From On-Premise Monolith to Scalable AWS Architecture: The Ticket Sales Case Study

#aws #cloud

The Problem Statement

Imagine the following scenario: a ticket sales application residing on a physical server (On-premise). Currently, the application is a monolith written in Node.js; it handles persistence in a MySQL database hosted on the same server, and stores static files (like event posters) directly on the local hard drive.

This architecture faces critical issues when tickets for a famous artis go on sale: the server crashes due to traffic, the database gets locked, and images load extremely slowly.

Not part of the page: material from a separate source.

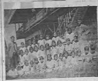
Una de las secciones de la escuela de Pavas de Turrialba, que reciben sus lecciones en una casa particular, la que no podrá continuar facilitando su propietario durante el año venidero. Los niños, en consecuencia, quedarán sin recibir sus clases de no procederse a la construcción del edificio escolar.

Sólo se da clases actualmente a cincuenta alumnos, habiendo en esta escuela un centenar
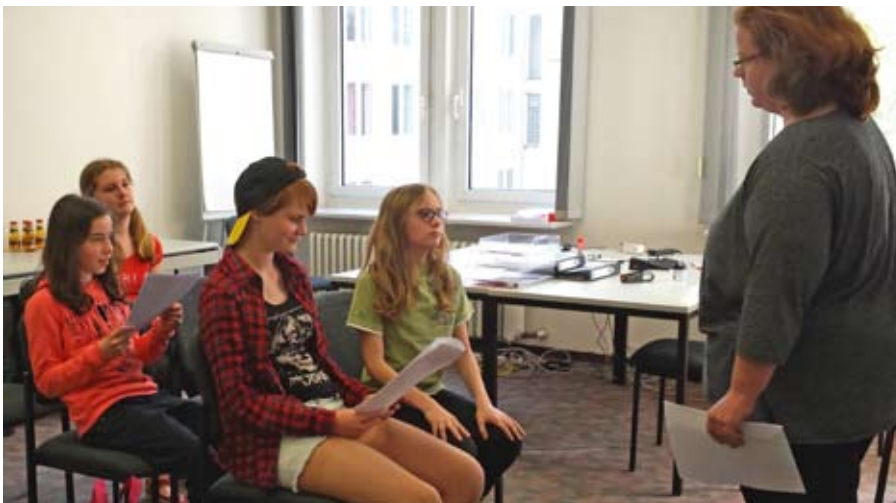
Engagierte JungschauspielerInnen studieren ihre Rollen ein.

Dann ausrollen und beliebige Formen ausstechen. Auf ein Backblech legen und bei 180 Grad im vorgeheizten Backofen 15 Minuten backen.

To address these root problems, the decision is made to migrate the application to AWS. This is where architecture planning begins, based on the following functional requirements:

High Availability (HA): If a server or zone fails, the app must continue operating without interruption.
Scalability: The system must handle user load and absorb traffic spikes during major events on demand.
Persistence: Transaction integrity is vital; no sale can be lost.
Security: The database must be protected and isolated from public internet access.

The Challenge

We need structure the solution by addressing four fundamental pillars:

Compute: Where do we run the application and how do we manage traffic?
Database: Which service do we use for MySQL and how do we optimize reads without saturating the system?
Static Storage: How do we serve poster images to ensure fast loading?
Network & Security: How do we organize the network (VPC) to protect data while allowing user access to the web?

The Architecture Proposal

For the compute layer, we can run the application on EC2 instances managed by an Auto Scaling Group. This allows us to scale horizontally on demand to handle traffic spikes. In front, we will place a Load Balancer (ALB) to distribute requests among instances, which will be spread across differente Availability Zones (AZs) to ensure high availability.

For MySQL, we will use the managed service Amazon RDS. To optimize performance, we will evaluate two strategies: using Read Replicas or implementing Amazon ElastiCache (we will define the best option later).

Static Content (poster images) will be migrated to a S3 bucket, utilizing Amazon CloudFront as a CDN to cache content and drastically reduce load times globally.

Finally, for Network Security, we will implement a three-tier architecture within the VPC:

The Load Balancer (our entry point) will reside in a public subnet.
Both the application instances and the database will be located in private subnets.
We will use Security Groups to stricly restric access between layers.

Deep Dive: Distributed Systems Challenges

The architecture above is solid and meets the infrastructure requirements. However, moving from a monolith to a distributed environment exposes our design to two critical logical problems:

1. The User Session

The original application stored the session in the server's RAM. In the new architecture, using the combination of Auto Scaling + Loab Balancer means that if the balancer routes us to different instance than the one we logged into, we lose the state, resulting in a terrible user experience (unexpected logout).

How do we solve this? We convert the application to be stateless. Instead of storing the session locally, we externalize it to Amazon ElastiCache. Beign an in-memory database, it offers sub-millisecond latency and ensures that even if the user changes instances, their session reamins centrally available.

2. Data Consistency (Race Condition)

Here we revisit the debate between using Read Replicas or ElastiCache. Image User A buys a ticket. Milliseconds later, User B checks that same seat. If we use Read Replicas, there is a small delay (replication lag) before User A's purchase is reflected in all copies. This could lead User B to attempt purchasing an already sold seat, causing an error or, worse, overbooking.

How do we handle immediate availability without saturating the database? The ideal solution is ElastiCache (Redis). Read Replicas are not ideal for real-time stock control due to the aforemetioned lag. Instead, Redis allow us to leverage its automicity. Since Redis is single-threated (processes operations one by one), it acts as a perfect control mechanism: if multiple purchase requests for the same seat arrive simultaneously, Redis "queues" them and processes them sequentially, allowing only the first transaction to succeed. This not only solves the race condition but also offloads read traffic from the main database.

Conclusion

Migrating from an on-premises environemnt to the cloud isn't just about moving servers (Lift & Shift); it's about rethinking how our application handles state and concurrency.

By integrating Amazon ElastiCache (Redis) into our architecture, we didn't just gain speed in reads-we solved two of the most complex problems in distributed systems: session management in stateless applications and data integrity during race conditions.

With this architecture, we've moved from a server that collapses under the demand of a famous artist to an elastic, robust infrastructure ready to scale automatically according to demand.